### WORK TASK
If a record holds a picture, drop the picture and repeat everything else word for word.

* * * * * * *

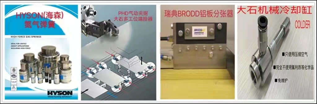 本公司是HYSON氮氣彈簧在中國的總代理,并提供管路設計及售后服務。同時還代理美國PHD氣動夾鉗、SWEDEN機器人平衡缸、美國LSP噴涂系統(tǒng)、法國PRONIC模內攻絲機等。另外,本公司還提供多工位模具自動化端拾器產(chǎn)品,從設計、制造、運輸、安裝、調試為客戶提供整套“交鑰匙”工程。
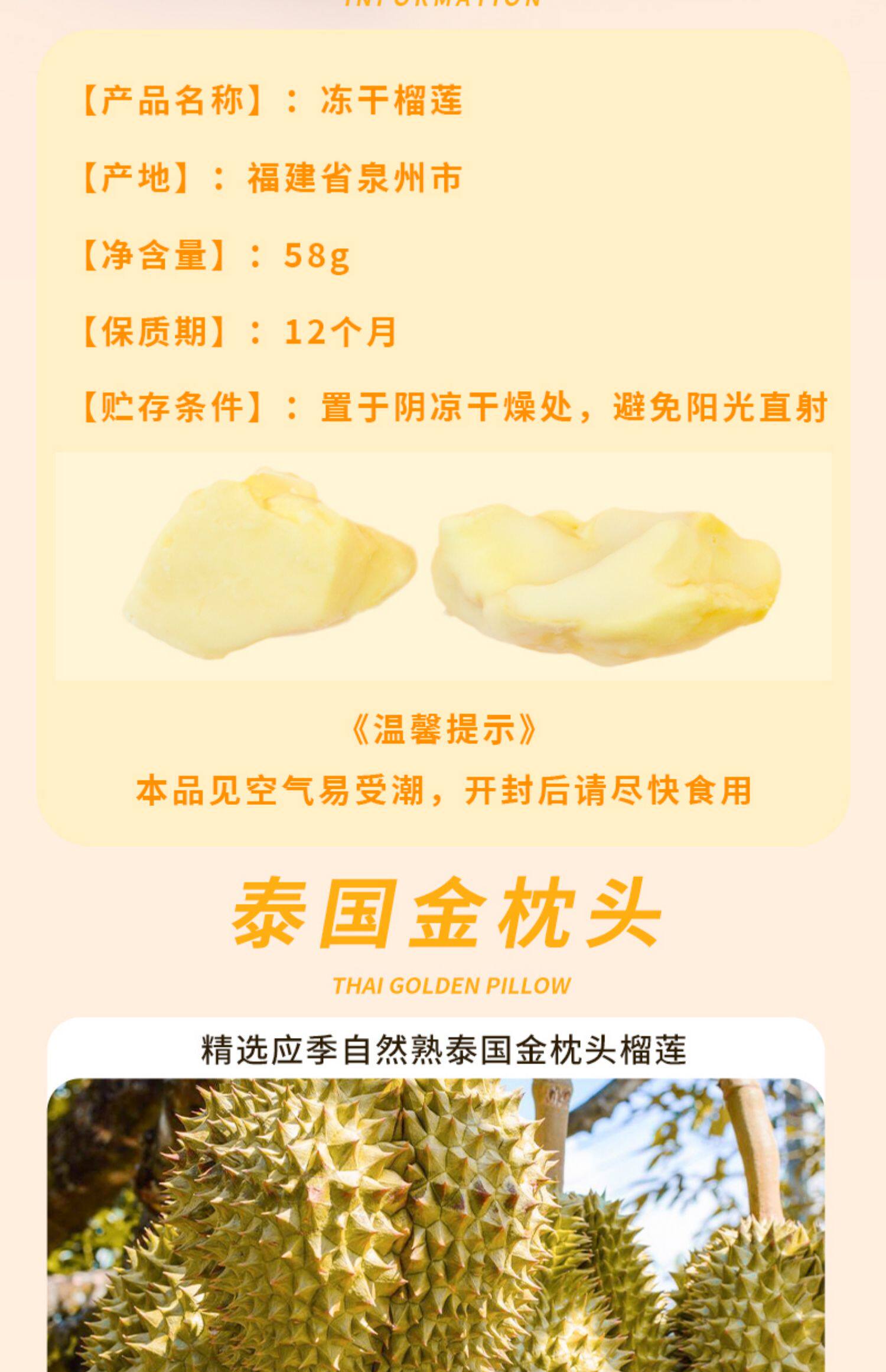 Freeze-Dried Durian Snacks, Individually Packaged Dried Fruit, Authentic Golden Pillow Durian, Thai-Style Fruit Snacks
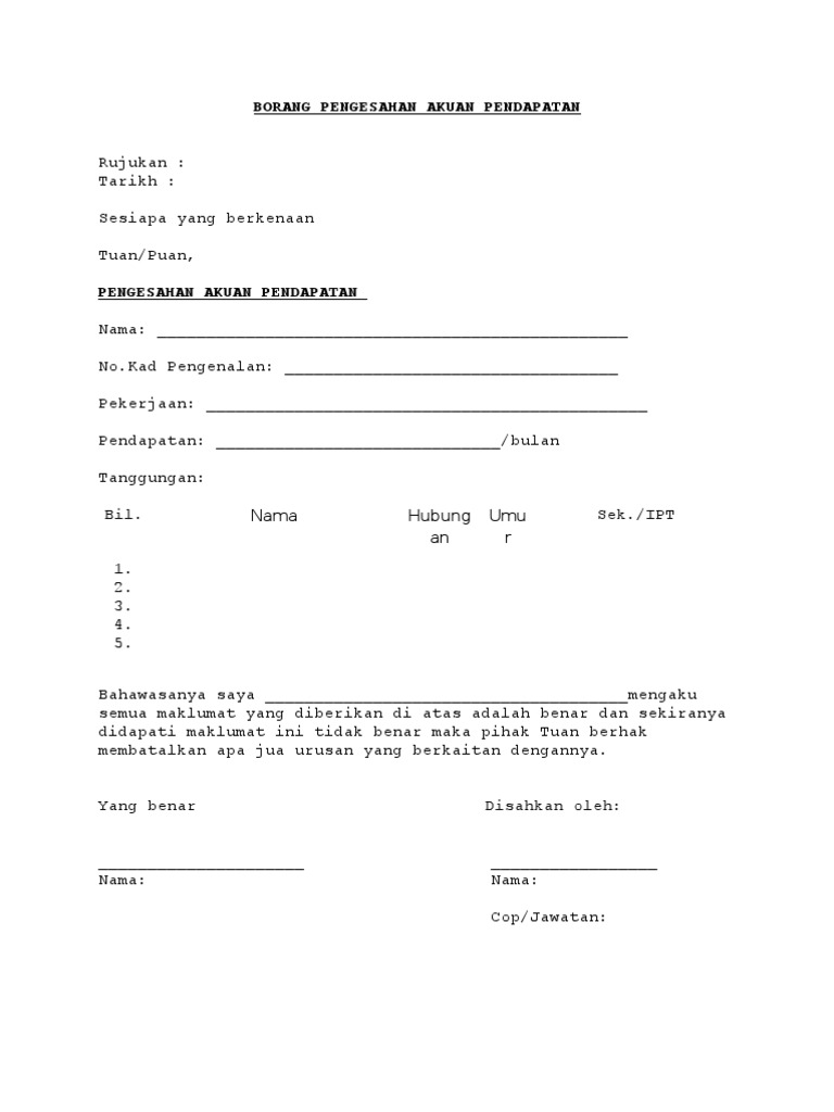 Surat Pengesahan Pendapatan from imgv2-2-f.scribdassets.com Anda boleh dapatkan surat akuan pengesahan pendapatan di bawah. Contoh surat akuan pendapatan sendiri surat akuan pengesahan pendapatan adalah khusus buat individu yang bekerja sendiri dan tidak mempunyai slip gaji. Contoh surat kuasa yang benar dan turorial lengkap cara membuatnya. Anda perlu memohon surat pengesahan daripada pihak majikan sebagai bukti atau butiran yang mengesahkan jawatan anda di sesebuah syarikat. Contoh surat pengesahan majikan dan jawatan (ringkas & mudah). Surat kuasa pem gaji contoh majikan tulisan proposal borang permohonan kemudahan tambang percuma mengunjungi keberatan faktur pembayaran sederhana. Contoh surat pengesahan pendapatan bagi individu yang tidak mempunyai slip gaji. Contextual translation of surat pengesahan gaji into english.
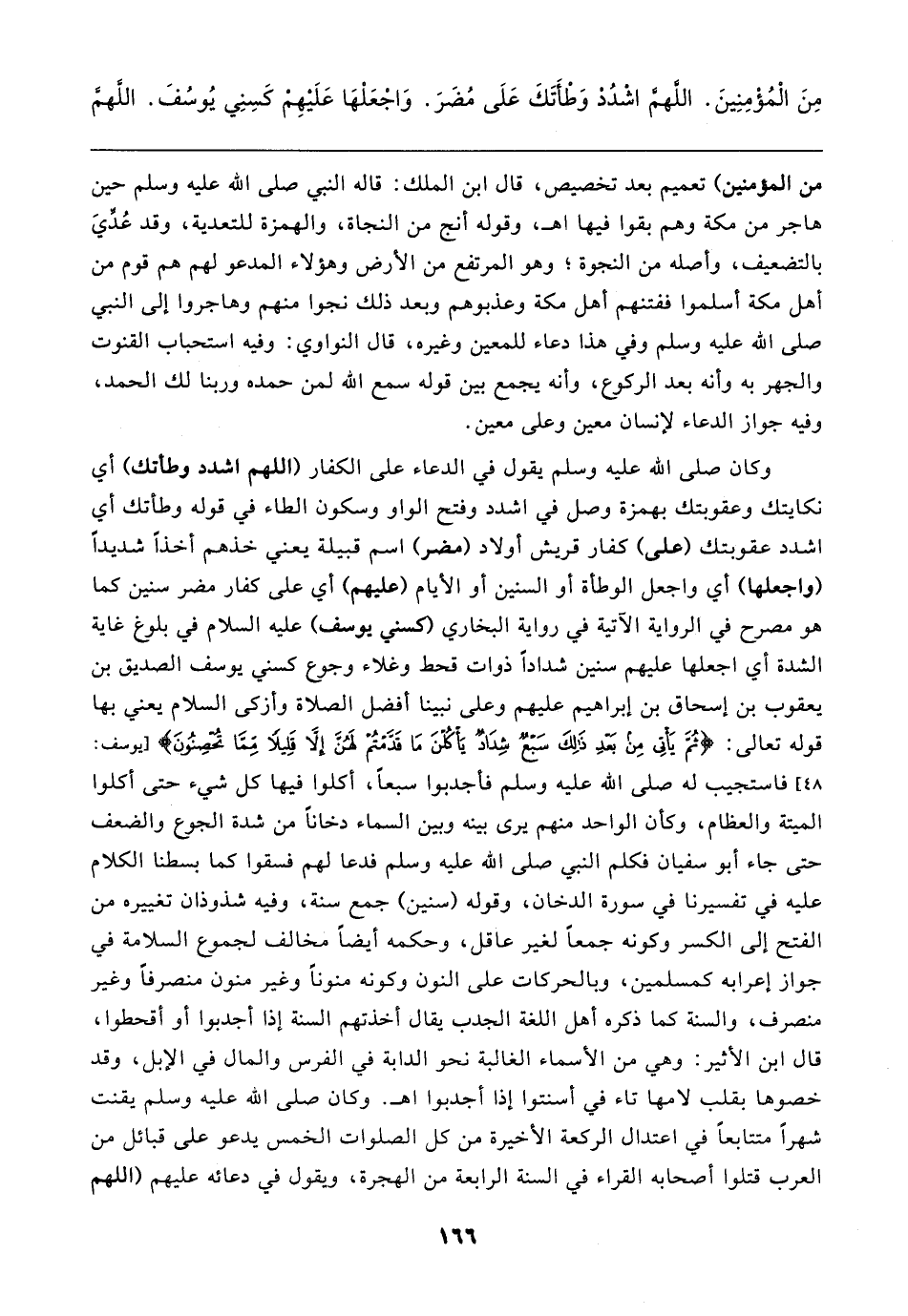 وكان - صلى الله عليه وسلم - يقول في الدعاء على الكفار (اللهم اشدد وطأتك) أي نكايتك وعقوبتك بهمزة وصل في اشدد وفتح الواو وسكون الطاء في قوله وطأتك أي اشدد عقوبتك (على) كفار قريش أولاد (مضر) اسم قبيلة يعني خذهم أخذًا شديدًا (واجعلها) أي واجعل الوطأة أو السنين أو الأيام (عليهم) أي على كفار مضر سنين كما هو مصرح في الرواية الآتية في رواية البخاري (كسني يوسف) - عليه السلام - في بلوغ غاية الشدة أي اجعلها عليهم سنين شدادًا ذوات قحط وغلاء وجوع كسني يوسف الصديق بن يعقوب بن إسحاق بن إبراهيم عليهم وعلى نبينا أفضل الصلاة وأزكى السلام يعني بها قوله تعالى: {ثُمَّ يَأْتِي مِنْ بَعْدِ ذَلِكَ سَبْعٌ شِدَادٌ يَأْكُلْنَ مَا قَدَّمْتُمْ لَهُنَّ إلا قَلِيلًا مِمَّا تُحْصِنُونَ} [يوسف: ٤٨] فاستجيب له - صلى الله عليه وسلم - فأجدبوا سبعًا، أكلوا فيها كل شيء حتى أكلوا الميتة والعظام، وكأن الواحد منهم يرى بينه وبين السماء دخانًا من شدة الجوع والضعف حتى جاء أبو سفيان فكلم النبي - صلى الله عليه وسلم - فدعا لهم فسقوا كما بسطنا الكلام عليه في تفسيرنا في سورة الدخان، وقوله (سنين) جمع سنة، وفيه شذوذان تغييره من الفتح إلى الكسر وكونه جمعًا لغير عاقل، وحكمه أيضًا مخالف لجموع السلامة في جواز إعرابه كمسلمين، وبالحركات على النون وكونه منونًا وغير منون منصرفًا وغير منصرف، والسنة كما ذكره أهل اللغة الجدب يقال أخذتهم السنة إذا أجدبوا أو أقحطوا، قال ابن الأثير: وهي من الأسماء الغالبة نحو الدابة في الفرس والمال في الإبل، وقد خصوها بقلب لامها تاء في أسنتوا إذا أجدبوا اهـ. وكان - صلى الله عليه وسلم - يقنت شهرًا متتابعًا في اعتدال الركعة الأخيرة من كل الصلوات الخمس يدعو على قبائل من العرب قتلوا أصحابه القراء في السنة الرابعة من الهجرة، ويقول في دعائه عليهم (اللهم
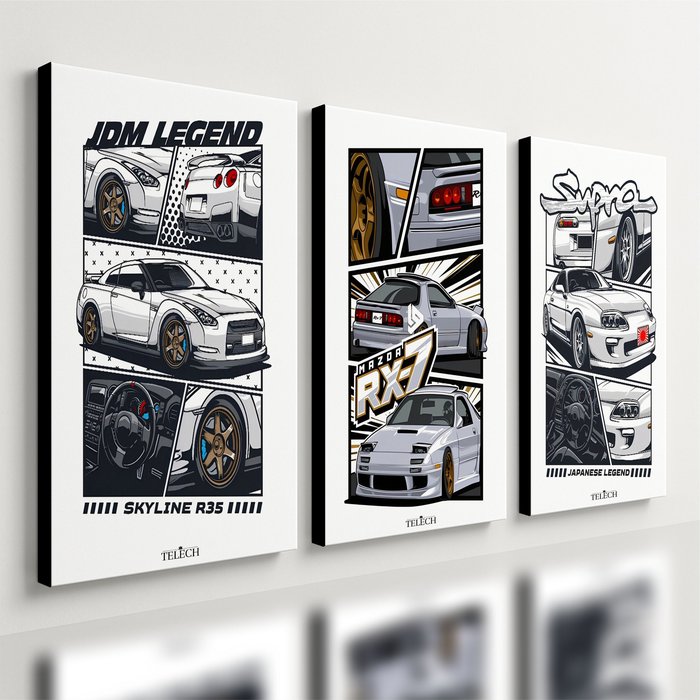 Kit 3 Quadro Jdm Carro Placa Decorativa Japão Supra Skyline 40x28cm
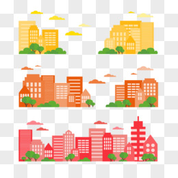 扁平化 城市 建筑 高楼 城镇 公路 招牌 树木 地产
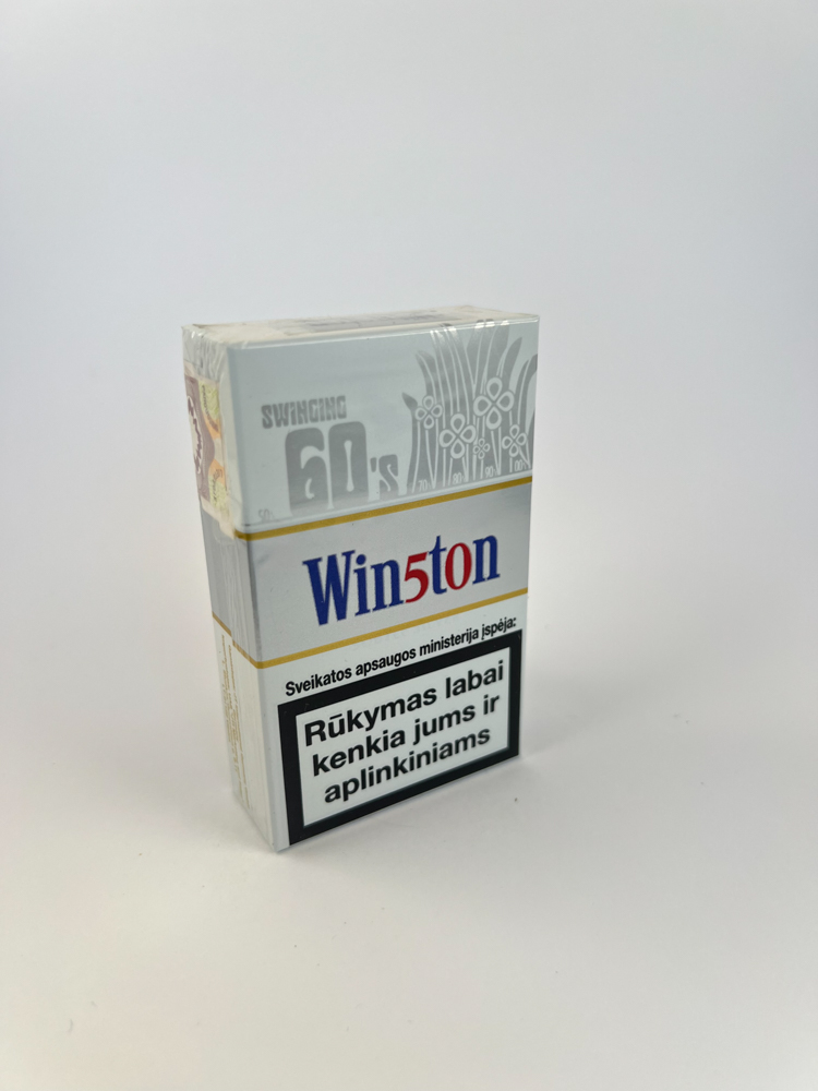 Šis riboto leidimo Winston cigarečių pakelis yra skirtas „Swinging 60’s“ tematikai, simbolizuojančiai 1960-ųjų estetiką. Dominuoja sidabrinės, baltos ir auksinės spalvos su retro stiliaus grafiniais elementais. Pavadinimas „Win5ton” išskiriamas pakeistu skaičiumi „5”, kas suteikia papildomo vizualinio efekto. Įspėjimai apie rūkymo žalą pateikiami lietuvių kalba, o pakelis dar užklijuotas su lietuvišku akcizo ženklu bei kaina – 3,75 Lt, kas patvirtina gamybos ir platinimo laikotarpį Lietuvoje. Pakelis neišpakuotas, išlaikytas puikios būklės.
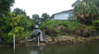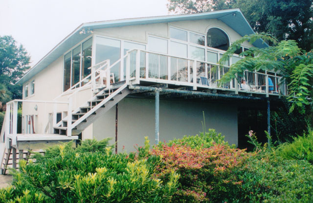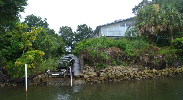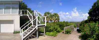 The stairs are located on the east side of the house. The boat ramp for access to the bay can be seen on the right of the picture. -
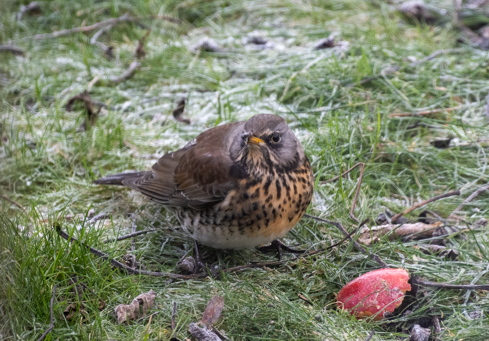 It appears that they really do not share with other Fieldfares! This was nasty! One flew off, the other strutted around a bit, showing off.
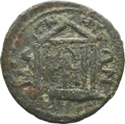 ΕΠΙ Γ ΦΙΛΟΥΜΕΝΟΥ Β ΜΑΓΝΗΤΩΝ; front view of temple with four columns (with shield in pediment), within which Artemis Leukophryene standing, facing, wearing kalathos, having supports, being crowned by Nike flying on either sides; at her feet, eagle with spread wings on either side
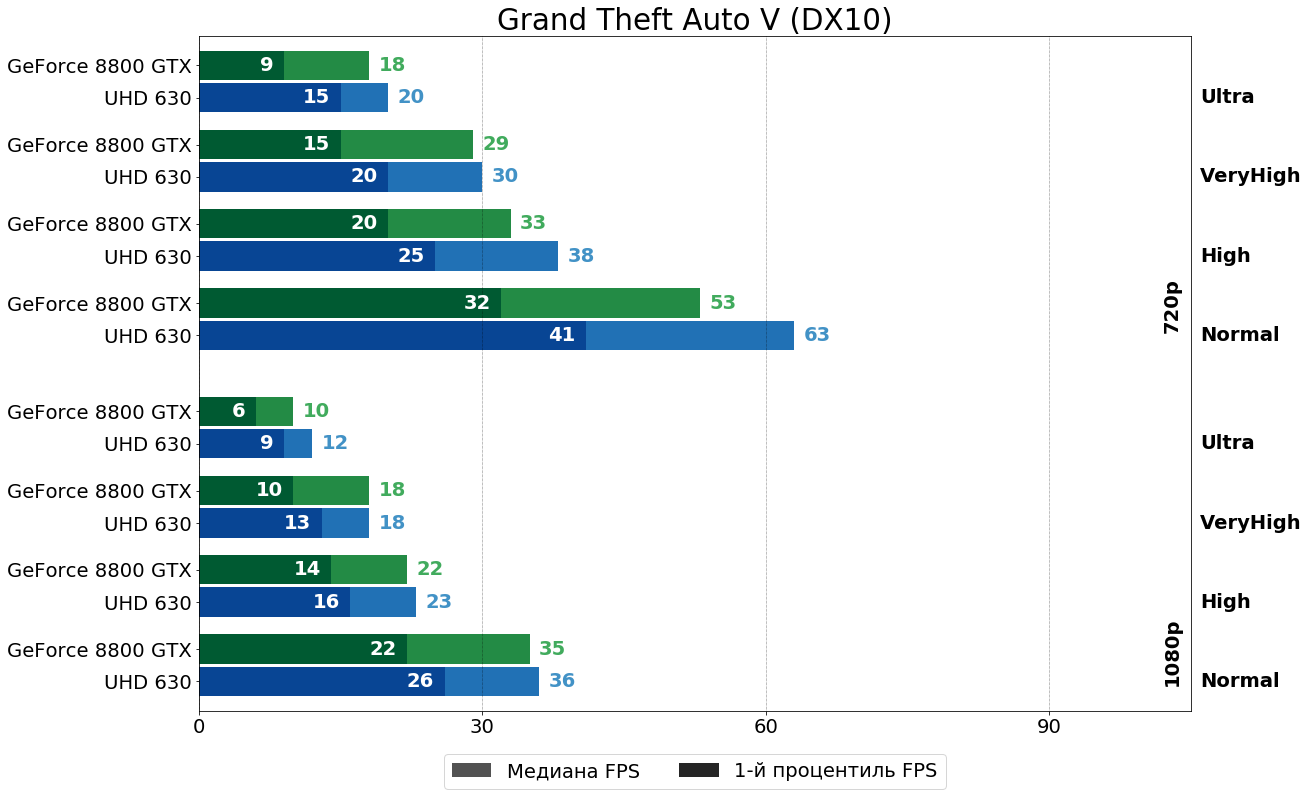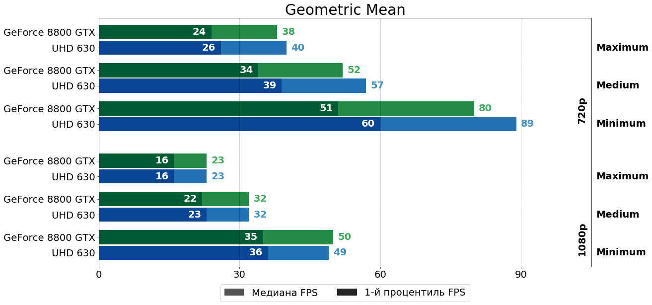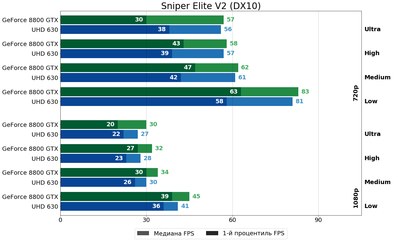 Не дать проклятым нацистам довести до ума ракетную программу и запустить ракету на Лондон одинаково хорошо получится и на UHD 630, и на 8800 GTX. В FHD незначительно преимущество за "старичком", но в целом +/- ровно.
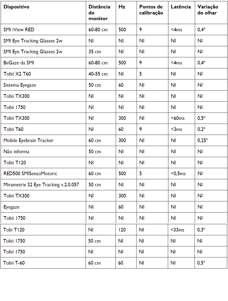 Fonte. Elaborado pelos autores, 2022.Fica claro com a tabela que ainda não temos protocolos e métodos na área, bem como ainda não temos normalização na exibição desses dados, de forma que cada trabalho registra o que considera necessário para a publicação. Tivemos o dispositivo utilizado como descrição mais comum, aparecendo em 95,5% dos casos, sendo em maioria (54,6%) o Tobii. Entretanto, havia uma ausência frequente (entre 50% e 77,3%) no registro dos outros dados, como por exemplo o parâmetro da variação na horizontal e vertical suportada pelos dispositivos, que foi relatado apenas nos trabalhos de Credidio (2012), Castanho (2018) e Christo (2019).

* * * * * * *

### WRITTEN ANSWER
 本公司是HYSON氮氣彈簧在中國的總代理,并提供管路設計及售后服務。同時還代理美國PHD氣動夾鉗、SWEDEN機器人平衡缸、美國LSP噴涂系統(tǒng)、法國PRONIC模內攻絲機等。另外,本公司還提供多工位模具自動化端拾器產(chǎn)品,從設計、制造、運輸、安裝、調試為客戶提供整套“交鑰匙”工程。
 Freeze-Dried Durian Snacks, Individually Packaged Dried Fruit, Authentic Golden Pillow Durian, Thai-Style Fruit Snacks
 Surat Pengesahan Pendapatan from imgv2-2-f.scribdassets.com Anda boleh dapatkan surat akuan pengesahan pendapatan di bawah. Contoh surat akuan pendapatan sendiri surat akuan pengesahan pendapatan adalah khusus buat individu yang bekerja sendiri dan tidak mempunyai slip gaji. Contoh surat kuasa yang benar dan turorial lengkap cara membuatnya. Anda perlu memohon surat pengesahan daripada pihak majikan sebagai bukti atau butiran yang mengesahkan jawatan anda di sesebuah syarikat. Contoh surat pengesahan majikan dan jawatan (ringkas & mudah). Surat kuasa pem gaji contoh majikan tulisan proposal borang permohonan kemudahan tambang percuma mengunjungi keberatan faktur pembayaran sederhana. Contoh surat pengesahan pendapatan bagi individu yang tidak mempunyai slip gaji. Contextual translation of surat pengesahan gaji into english.
 وكان - صلى الله عليه وسلم - يقول في الدعاء على الكفار (اللهم اشدد وطأتك) أي نكايتك وعقوبتك بهمزة وصل في اشدد وفتح الواو وسكون الطاء في قوله وطأتك أي اشدد عقوبتك (على) كفار قريش أولاد (مضر) اسم قبيلة يعني خذهم أخذًا شديدًا (واجعلها) أي واجعل الوطأة أو السنين أو الأيام (عليهم) أي على كفار مضر سنين كما هو مصرح في الرواية الآتية في رواية البخاري (كسني يوسف) - عليه السلام - في بلوغ غاية الشدة أي اجعلها عليهم سنين شدادًا ذوات قحط وغلاء وجوع كسني يوسف الصديق بن يعقوب بن إسحاق بن إبراهيم عليهم وعلى نبينا أفضل الصلاة وأزكى السلام يعني بها قوله تعالى: {ثُمَّ يَأْتِي مِنْ بَعْدِ ذَلِكَ سَبْعٌ شِدَادٌ يَأْكُلْنَ مَا قَدَّمْتُمْ لَهُنَّ إلا قَلِيلًا مِمَّا تُحْصِنُونَ} [يوسف: ٤٨] فاستجيب له - صلى الله عليه وسلم - فأجدبوا سبعًا، أكلوا فيها كل شيء حتى أكلوا الميتة والعظام، وكأن الواحد منهم يرى بينه وبين السماء دخانًا من شدة الجوع والضعف حتى جاء أبو سفيان فكلم النبي - صلى الله عليه وسلم - فدعا لهم فسقوا كما بسطنا الكلام عليه في تفسيرنا في سورة الدخان، وقوله (سنين) جمع سنة، وفيه شذوذان تغييره من الفتح إلى الكسر وكونه جمعًا لغير عاقل، وحكمه أيضًا مخالف لجموع السلامة في جواز إعرابه كمسلمين، وبالحركات على النون وكونه منونًا وغير منون منصرفًا وغير منصرف، والسنة كما ذكره أهل اللغة الجدب يقال أخذتهم السنة إذا أجدبوا أو أقحطوا، قال ابن الأثير: وهي من الأسماء الغالبة نحو الدابة في الفرس والمال في الإبل، وقد خصوها بقلب لامها تاء في أسنتوا إذا أجدبوا اهـ. وكان - صلى الله عليه وسلم - يقنت شهرًا متتابعًا في اعتدال الركعة الأخيرة من كل الصلوات الخمس يدعو على قبائل من العرب قتلوا أصحابه القراء في السنة الرابعة من الهجرة، ويقول في دعائه عليهم (اللهم
 Kit 3 Quadro Jdm Carro Placa Decorativa Japão Supra Skyline 40x28cm
 扁平化 城市 建筑 高楼 城镇 公路 招牌 树木 地产
 Šis riboto leidimo Winston cigarečių pakelis yra skirtas „Swinging 60’s“ tematikai, simbolizuojančiai 1960-ųjų estetiką. Dominuoja sidabrinės, baltos ir auksinės spalvos su retro stiliaus grafiniais elementais. Pavadinimas „Win5ton” išskiriamas pakeistu skaičiumi „5”, kas suteikia papildomo vizualinio efekto. Įspėjimai apie rūkymo žalą pateikiami lietuvių kalba, o pakelis dar užklijuotas su lietuvišku akcizo ženklu bei kaina – 3,75 Lt, kas patvirtina gamybos ir platinimo laikotarpį Lietuvoje. Pakelis neišpakuotas, išlaikytas puikios būklės.
 The stairs are located on the east side of the house. The boat ramp for access to the bay can be seen on the right of the picture. -
 It appears that they really do not share with other Fieldfares! This was nasty! One flew off, the other strutted around a bit, showing off.
 ΕΠΙ Γ ΦΙΛΟΥΜΕΝΟΥ Β ΜΑΓΝΗΤΩΝ; front view of temple with four columns (with shield in pediment), within which Artemis Leukophryene standing, facing, wearing kalathos, having supports, being crowned by Nike flying on either sides; at her feet, eagle with spread wings on either side
 Не дать проклятым нацистам довести до ума ракетную программу и запустить ракету на Лондон одинаково хорошо получится и на UHD 630, и на 8800 GTX. В FHD незначительно преимущество за "старичком", но в целом +/- ровно.
 Fonte. Elaborado pelos autores, 2022.Fica claro com a tabela que ainda não temos protocolos e métodos na área, bem como ainda não temos normalização na exibição desses dados, de forma que cada trabalho registra o que considera necessário para a publicação. Tivemos o dispositivo utilizado como descrição mais comum, aparecendo em 95,5% dos casos, sendo em maioria (54,6%) o Tobii. Entretanto, havia uma ausência frequente (entre 50% e 77,3%) no registro dos outros dados, como por exemplo o parâmetro da variação na horizontal e vertical suportada pelos dispositivos, que foi relatado apenas nos trabalhos de Credidio (2012), Castanho (2018) e Christo (2019).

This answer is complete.